Cross-sectional comparative study.
One hundred fifteen eyes of 59 consecutive patients with SJS and toxic epidermal necrolysis (TEN), 208 eyes of 104 healthy normal subjects, and 132 eyes of 66 SS patients were investigated in this multicenter study. All study subjects underwent tear function and ocular surface examinations, Landolt and functional visual acuity examinations, and the Japanese version of the NEI VFQ-25 (National Eye Institute Visual Function Questionnaire).
The mean ocular surface grading scores were significantly higher and the mean score of all 12 NEI VFQ subscales was significantly lower in the SJS patients compared to the SS patients and the normal subjects (P < .05).
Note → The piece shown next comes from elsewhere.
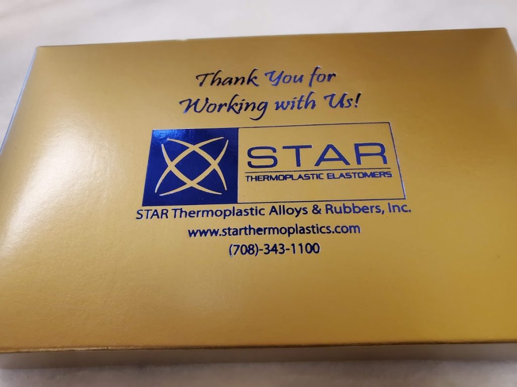 Custom ribbons in a variety of colors with your personalized logo or message are available. We even customize chocolates with your name or logo on them. Call us for possibilities. ORDER BY PHONE ONLY: 847-864-5504 |
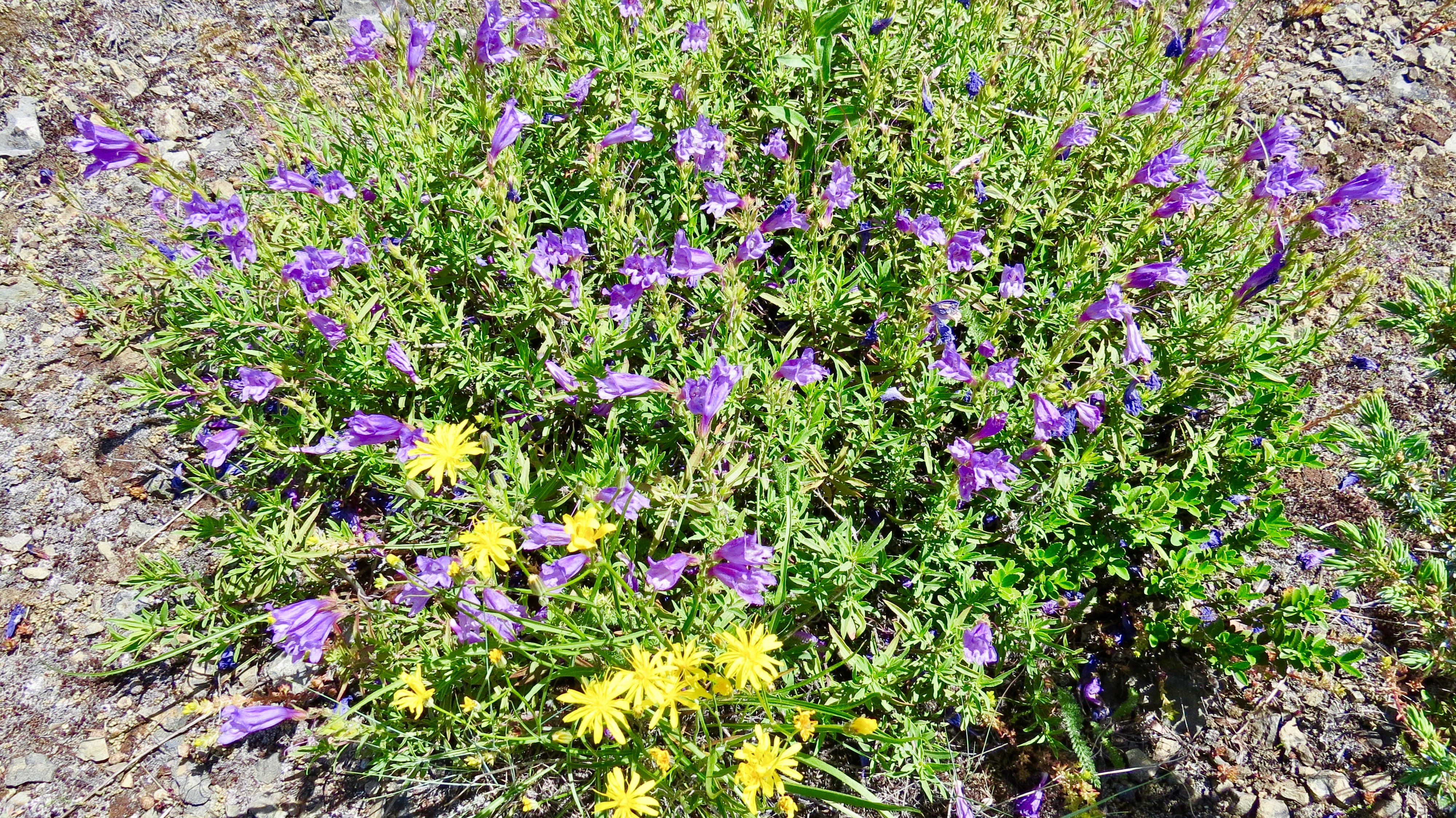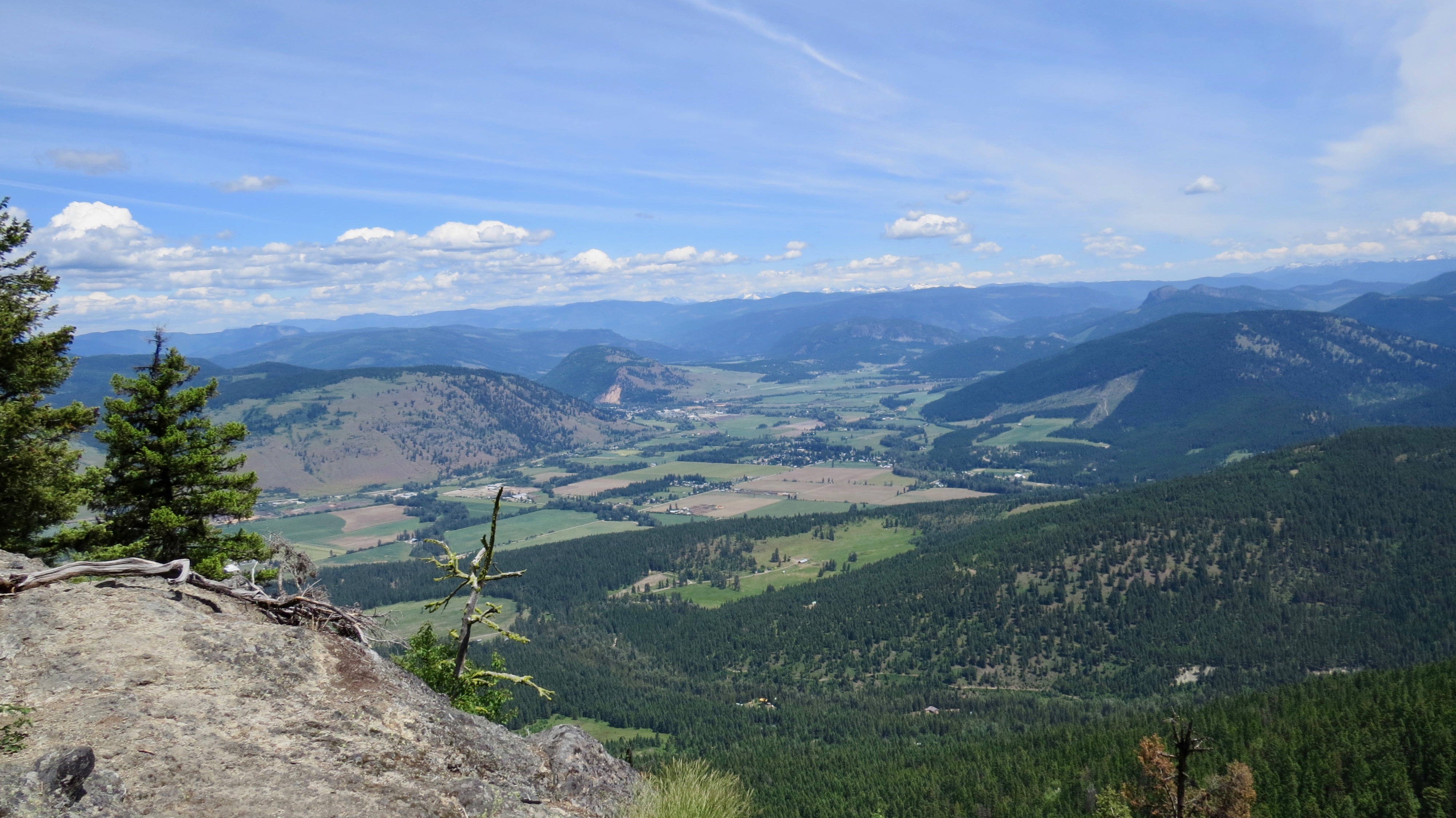 With the girls in the Onyas we hit the dirt. The hike starts fairly flat for the first 200m, then as volcanos go, climbs steeply via switchbacks. This continues that way until you reach the summit roughly 30 minutes later. You do however get the chance to stop and enjoy the wildflowers and use this as an excuse to take a breather. The footing on the trail is a bit unsure as the dry soil and steep nature results in some loose slippery sections. Once you have reached the pinnacle you can enjoy stunning views of the rural Coldstream valley to the west and the snow capped Monashee mountain range to the east. An old surveying pin can be found imbedded in the rock at the highest point on this peak.

The conventional and functional logarithm of minimal angle of resolution (logMAR) visual acuities in SJS patients with minimal corneal complications were significantly higher and the mean total composite NEI VFQ scores were lower compared to SS patients. The conventional and functional logMAR visual acuities and the mean ocular surface grading scores in SJS with aqueous deficiency were significantly higher and the mean total composite NEI VFQ scores were lower compared to SS patients. Strong correlations between best-corrected logMAR functional visual acuities and either ocular surface grading scores or the composite NEI VFQ-25 scores were observed.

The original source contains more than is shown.